This is nothing people don’t know (I’ve told people myself before), but there were good reasons for doing what I did.
“Wouldn't the actual Elo system be more accurate?”
No, for two reasons:
1. The small number of games people play is a serious problem. Madmarx’s skill level would still be higher than his Ghost-Rating would indicate if I didn’t put in the scaling factor.
Originally the system didn’t have this, but it made a mockery of the top places in the system: MM and TMG were swapping places not based on who had played better that month but based on who had played *more* that month.

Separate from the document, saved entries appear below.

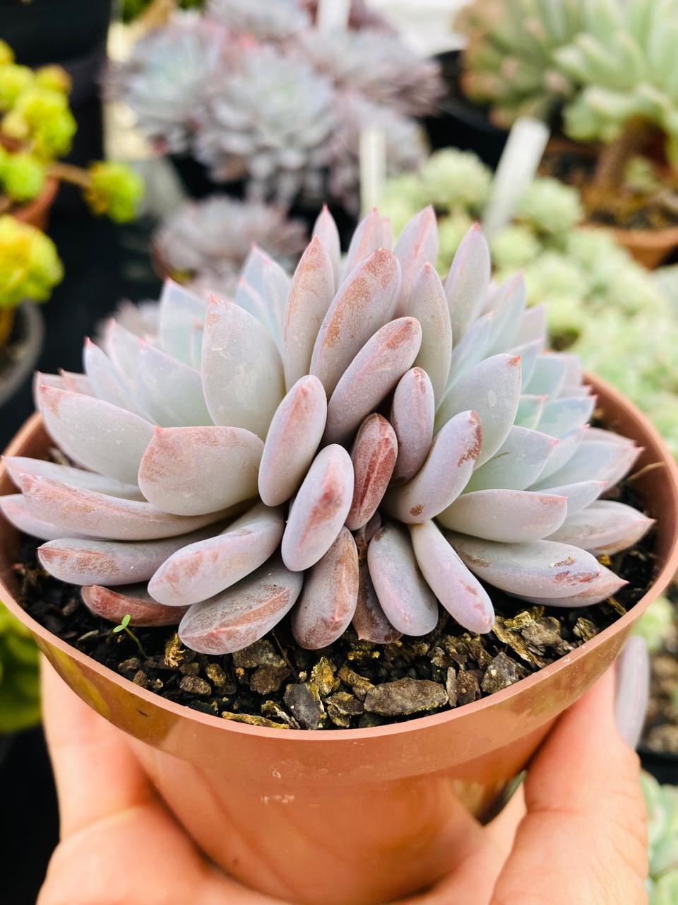 A Echeveria 'Lulu' é uma suculenta encantadora conhecida por suas folhas compactas e suculentas, que formam uma roseta simétrica de cores vibrantes. Ideal para colecionadores e entusiastas de plantas, ela traz um toque de elegância e beleza a qualquer ambiente.
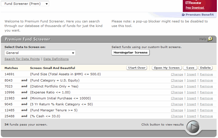 Premium Fund Screener includes data for almost 26,000 mutual funds. Screening criteria is broken down by category and a comprehensive definition dictionary is available. Provides data field quartile ranges to assist users in picking values. Offers 10 preloaded screens that help you get started. After entering your criteria, the screener will show how many funds meet your requirements, making it easy to tighten or loosen the standards if needed. Users can search for data points of interest. Screens can be saved for later use. For each screen, you are able to rank the passing companies according to your preference for each data point used in the screen. Free mutual fund screener is offered, but only has 18 data points; the criteria are not customizable and results cannot be saved.
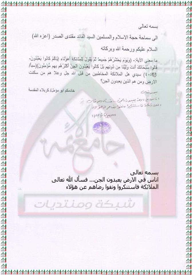 معنى الاية (وَيَوْمَ يَحْشُرُهُمْ جَمِيعاً ثُمَّ يَقُولُ لِلْمَلَائِكَةِ أَهَؤُلَاء إِيَّاكُمْ كَانُوا يَعْبُدُونَ }سبأ 40-41 استفتاء السيد القائد مقتدى الصدر اعزه الله 21-3-2012
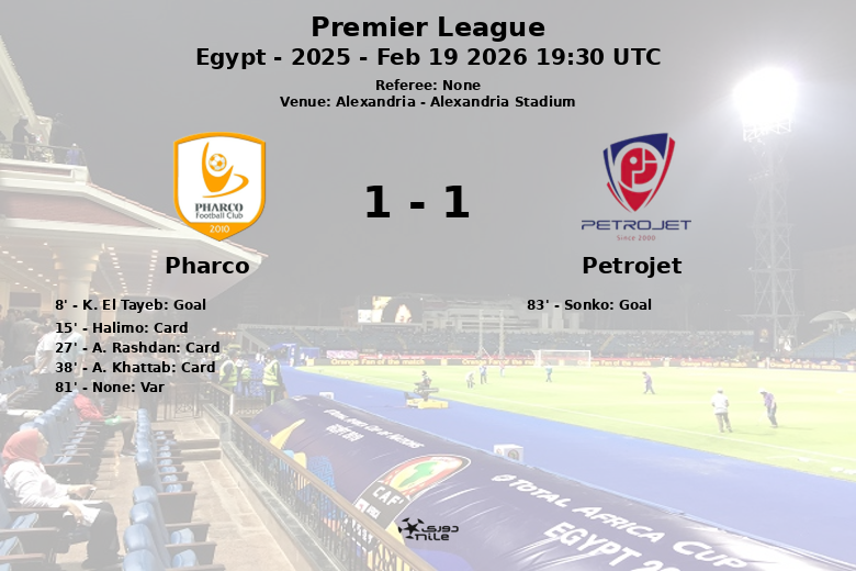 Le match disputé au Stade d’Alexandrie s’est terminé par un match nul après une rencontre acharnée. Pharco a pris l’avantage tôt grâce à un but de K. El Tayeb à la 8e minute, sur une passe décisive de Halimo. Cependant, Petrojet n’a pas abandonné et a cherché sans relâche l’égalisation.

One of the most important features of G-R is that it doesn’t matter if you’ve only played 30 games, you can still be highly rated.
Of course, you could have a steadily reducing volatility, but that would either introduce non-zero sum issues (if done individually) or defeat the point of the system and leave players unable to advance much against experienced players (if done on a by-game basis)

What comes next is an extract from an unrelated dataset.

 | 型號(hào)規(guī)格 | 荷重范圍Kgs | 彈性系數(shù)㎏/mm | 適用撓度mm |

2. The rationale behind the Elo Expected result formula doesn’t work either. Elo argued that, in chess, if you play better than the other guy, you will win, and if you play worse than the other guy, you will lose. He modelled the standard of play of each player as a Normal distribution, and then looked at the probability that one player played better than the other.
In diplomacy this argument doesn’t work. Playing better than everyone else only gives you a better chance of winning, because a less good player might have the game more or less thrown to him by a real fool in a manner that you cannot do anything about.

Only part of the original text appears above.